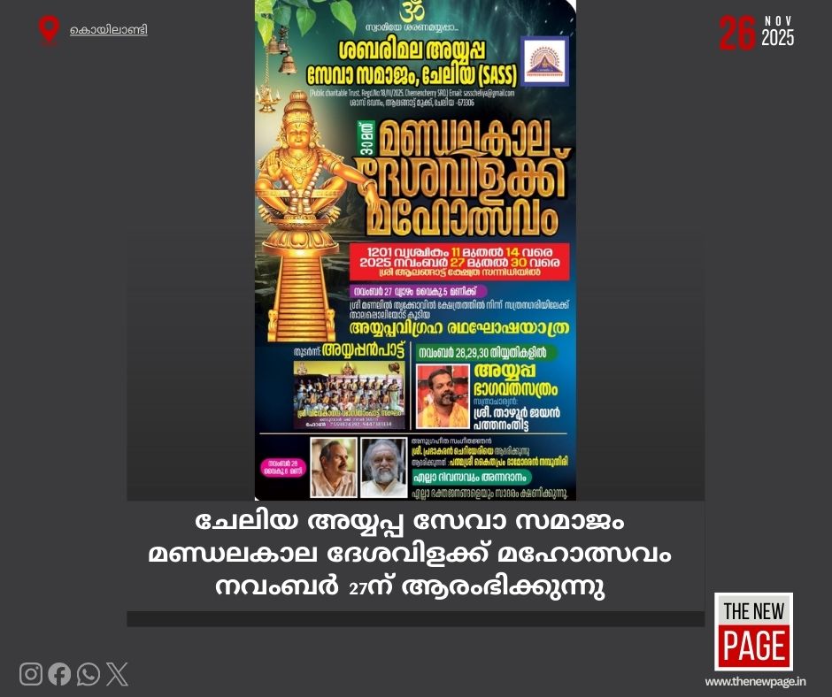 കൊയിലാണ്ടി: ചേലിയ ശബരിമല അയ്യപ്പ സേവാ സമാജം മണ്ഡലകാല ദേശവിളക്ക് മഹോത്സവത്തിന് നവംബര് 27ന് തുടക്കമാകും. രാവിലെ ഗണപതിഹോമം,ലളിതാ സഹസ്രനാമാര്ച്ചന. വൈകിട്ട് മണലില് തൃക്കോവില് ക്ഷേത്രത്തില് നിന്നും ആലങ്ങാട്ട് ക്ഷേത്രത്തില് ഒരുക്കിയ അയ്യപ്പ സത്ര യജ്ഞ വേദിയിലേക്ക് താലപ്പൊലി,വിഗ്രഹ രഥഘോഷയാത്ര. തൃശ്ശൂര് നെടുമ്പാള് വിവേകാനന്ദ ശാസ്താംപാട്ട് സംഘം അവതരിപ്പിക്കുന്ന അയ്യപ്പന് പാട്ട്. 27 മുതല് 30 വരെ യജ്ഞാചാര്യന് താഴൂര് ജയന് നയിക്കുന്ന അയ്യപ്പ ഭാഗവത സത്രം.
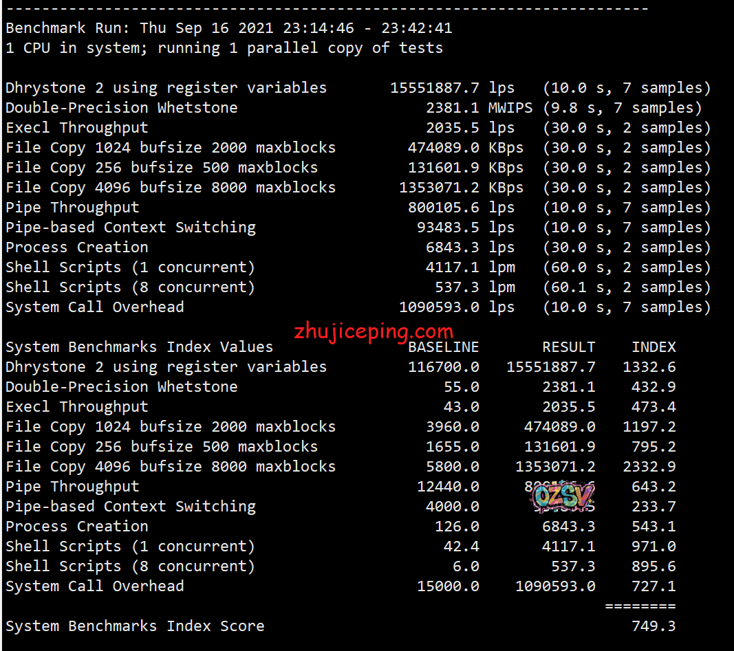 最后丢一个Unix bench跑分,看起来有人在折腾了,分数只有七百多:
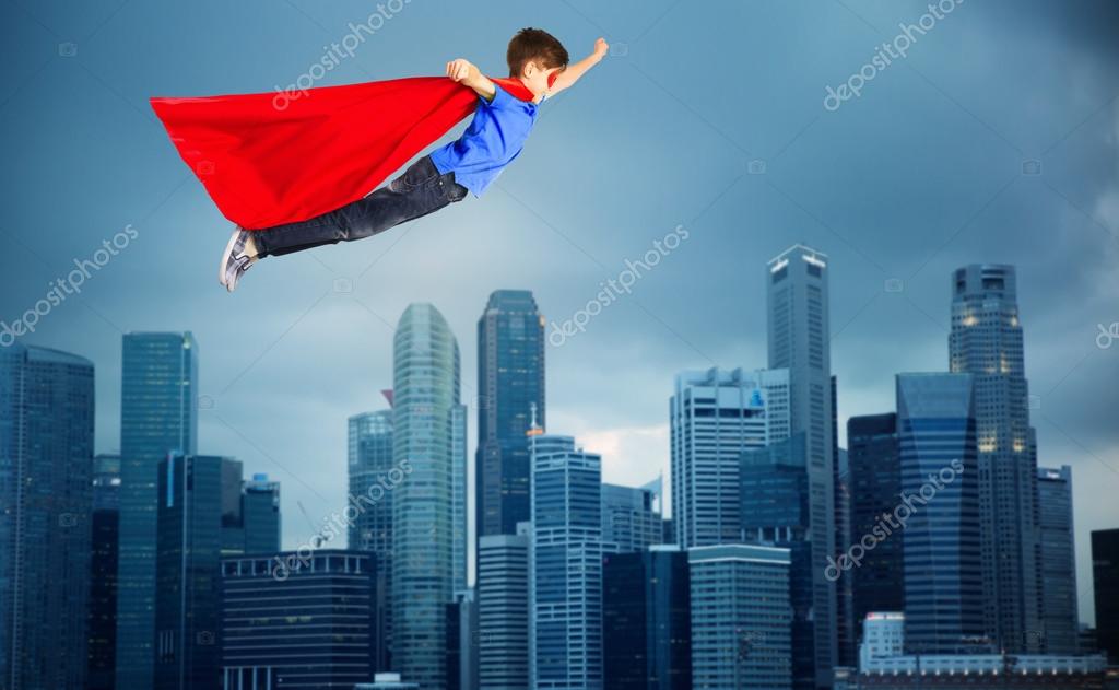 Boy In Red Superhero Cape Flying Over City Stock Photo

• **TASK DETAILS**:
Would you set down the material exactly as it stands, without the pictures?

• **TASK RESULT**:
 കൊയിലാണ്ടി: ചേലിയ ശബരിമല അയ്യപ്പ സേവാ സമാജം മണ്ഡലകാല ദേശവിളക്ക് മഹോത്സവത്തിന് നവംബര് 27ന് തുടക്കമാകും. രാവിലെ ഗണപതിഹോമം,ലളിതാ സഹസ്രനാമാര്ച്ചന. വൈകിട്ട് മണലില് തൃക്കോവില് ക്ഷേത്രത്തില് നിന്നും ആലങ്ങാട്ട് ക്ഷേത്രത്തില് ഒരുക്കിയ അയ്യപ്പ സത്ര യജ്ഞ വേദിയിലേക്ക് താലപ്പൊലി,വിഗ്രഹ രഥഘോഷയാത്ര. തൃശ്ശൂര് നെടുമ്പാള് വിവേകാനന്ദ ശാസ്താംപാട്ട് സംഘം അവതരിപ്പിക്കുന്ന അയ്യപ്പന് പാട്ട്. 27 മുതല് 30 വരെ യജ്ഞാചാര്യന് താഴൂര് ജയന് നയിക്കുന്ന അയ്യപ്പ ഭാഗവത സത്രം.
 最后丢一个Unix bench跑分,看起来有人在折腾了,分数只有七百多:
 Boy In Red Superhero Cape Flying Over City Stock Photo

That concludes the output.